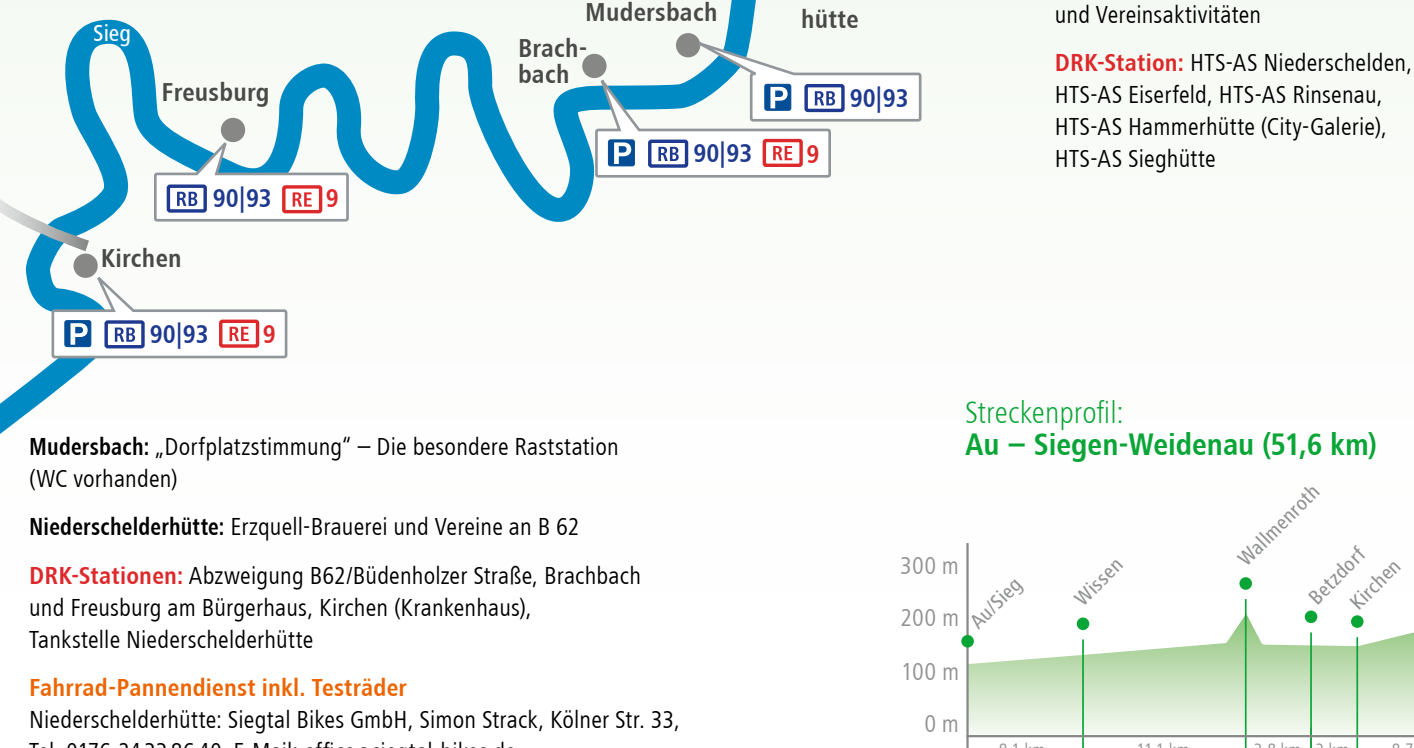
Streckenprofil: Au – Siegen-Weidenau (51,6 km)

------------

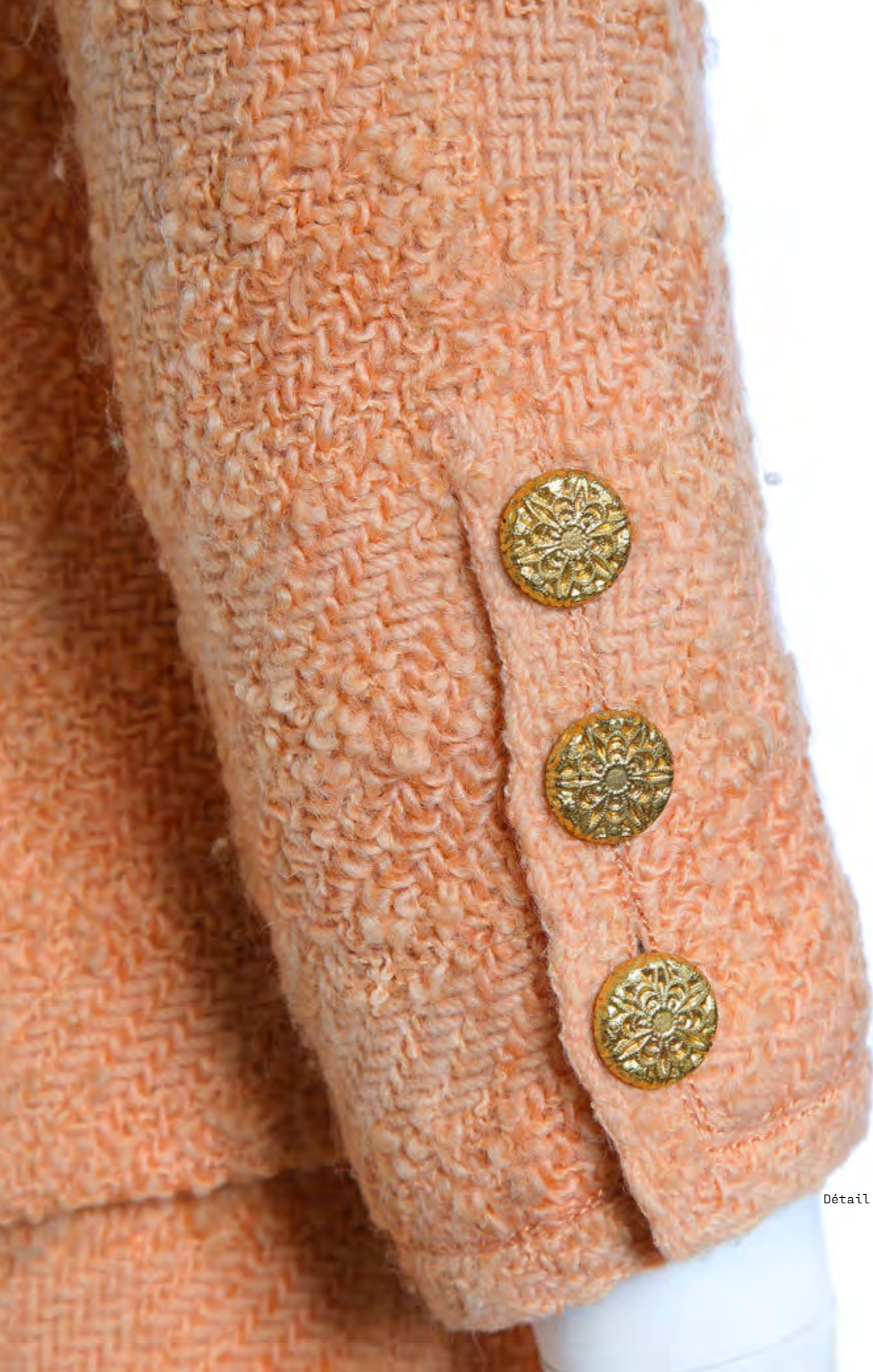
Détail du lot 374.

------------

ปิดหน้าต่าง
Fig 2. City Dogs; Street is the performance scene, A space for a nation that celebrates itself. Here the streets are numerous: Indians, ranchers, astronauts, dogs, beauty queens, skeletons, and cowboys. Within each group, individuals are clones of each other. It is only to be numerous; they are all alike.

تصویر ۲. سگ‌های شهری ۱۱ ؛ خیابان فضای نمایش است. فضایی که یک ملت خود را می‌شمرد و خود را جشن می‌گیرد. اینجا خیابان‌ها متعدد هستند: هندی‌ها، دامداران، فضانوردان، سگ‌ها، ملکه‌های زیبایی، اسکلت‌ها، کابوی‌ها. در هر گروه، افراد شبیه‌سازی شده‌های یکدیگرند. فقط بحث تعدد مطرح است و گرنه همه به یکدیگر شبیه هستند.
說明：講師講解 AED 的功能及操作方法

------------

:: Description of the task ::
From the records above, copy only the lines starting with the line that holds "تصویر ۲. سگ‌های" and going on through the line that holds "說明：講師講解 AED 的功能及操作方法", exactly as written.

:: Your solution ::
تصویر ۲. سگ‌های شهری ۱۱ ؛ خیابان فضای نمایش است. فضایی که یک ملت خود را می‌شمرد و خود را جشن می‌گیرد. اینجا خیابان‌ها متعدد هستند: هندی‌ها، دامداران، فضانوردان، سگ‌ها، ملکه‌های زیبایی، اسکلت‌ها، کابوی‌ها. در هر گروه، افراد شبیه‌سازی شده‌های یکدیگرند. فقط بحث تعدد مطرح است و گرنه همه به یکدیگر شبیه هستند.
說明：講師講解 AED 的功能及操作方法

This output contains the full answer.